He was being courted to travel to Broadway with a successful German play when he was introduced to producer Joseph Schenck, cofounder of the newly minted Twentieth Century Fox film studio in Hollywood. Despite the fact that Preminger spoke no English, he was offered a studio contract and first class passage to America. After staging the Edward Wooll drama "Libel" on Broadway in December 1935, Preminger traveled to Hollywood in early 1936. Heralded by his new employers as one of Europe's most distinguished directors, Preminger was feted by the likes of Gary Cooper, Joan Crawford, Greta Garbo, Mary Pickford and Charlie Chaplin. By this time, he had adopted the habit of shaving his head, which would become, along with his notoriously volatile temper, a career trademark. Despite the faith Fox had placed in its newest acquisition, Preminger was allowed to do little more than observe other directors for more than a year. He made his English-language directorial debut with the forgettable musical comedy "Under Your Spell" (1936), a vehicle for opera singer Lawrence Tibbett. Grateful for the work but uninterested in the material, Preminger nonetheless delivered the picture under budget and ahead of schedule.
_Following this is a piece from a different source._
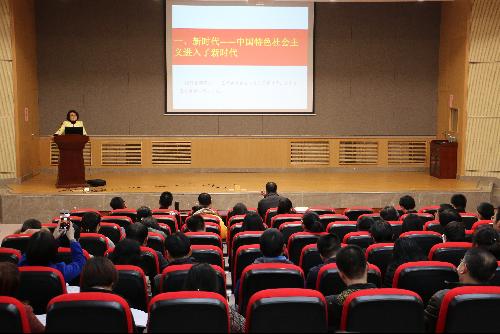 随后邓谨教授作了“新时代的政治宣言和行动纲领”的报告。她诙谐幽默的授课风格帮助大家进一步理解了十九大报告提出的新思想、新战略、新征程、新使命等方面内容,解读我们进入了中国特色社会主义新时代,社会主要矛盾也发生了相应变化,意味着中华民族从站起来、富起来到强起来的伟大飞跃,意味着科学社会主义在中国焕发出强大生机活力,意味着中国特色社会主义道路、理论、制度、文化不断发展。中国梦是历史的、现实的,也是未来的,中华民族伟大复兴的中国梦终将在一代代青年的接力奋斗中变为现实。
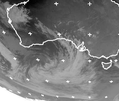 Über dem Südpolarmeer erkennt man einen Tiefdruckwirbel, dessen Ausläufer sich an die Südküste und bis ins Landesinnere erstreckt. Regen bringen die Wolken aber kaum. Das Tief sorgt aber auch dafür, das die feucht-warme Luft vom Indischen Ozean in den Westen des Kontinents gelangt, hier kommt es zum Teil zu Regen. Sonst ist es auf dem Kontinent meist trocken und freundlich.

The economy with which Preminger delivered his assignment prompted studio head Darryl F. Zanuck to offer him the A-list project "Nancy Steele is Missing," to star Academy Award winner Wallace Beery. When Beery refused to work with the foreigner (the film was made in 1937 by George Marshall, with Victor McLachlan in the lead), Preminger was bumped to the B unit. His feature work remained unremarkable through the expiration of his Fox contract in 1938, by which time he had fallen out with Zanuck. Returning to New York, he directed a successful revival of Sutton Vane's "Outward Bound" and oversaw John Barrymore's Broadway comeback in "My Dear Children." Preminger also made his Broadway acting debut as a sinister German consul in Clare Booth's "Margin for Error." The comedy ran for nearly a year, during which time Preminger lectured on acting and directing at Yale University. Alternating directing for the stage with performing, Preminger made his feature film acting debut as a sympathetic Nazi officer in "The Pied Piper" (1942).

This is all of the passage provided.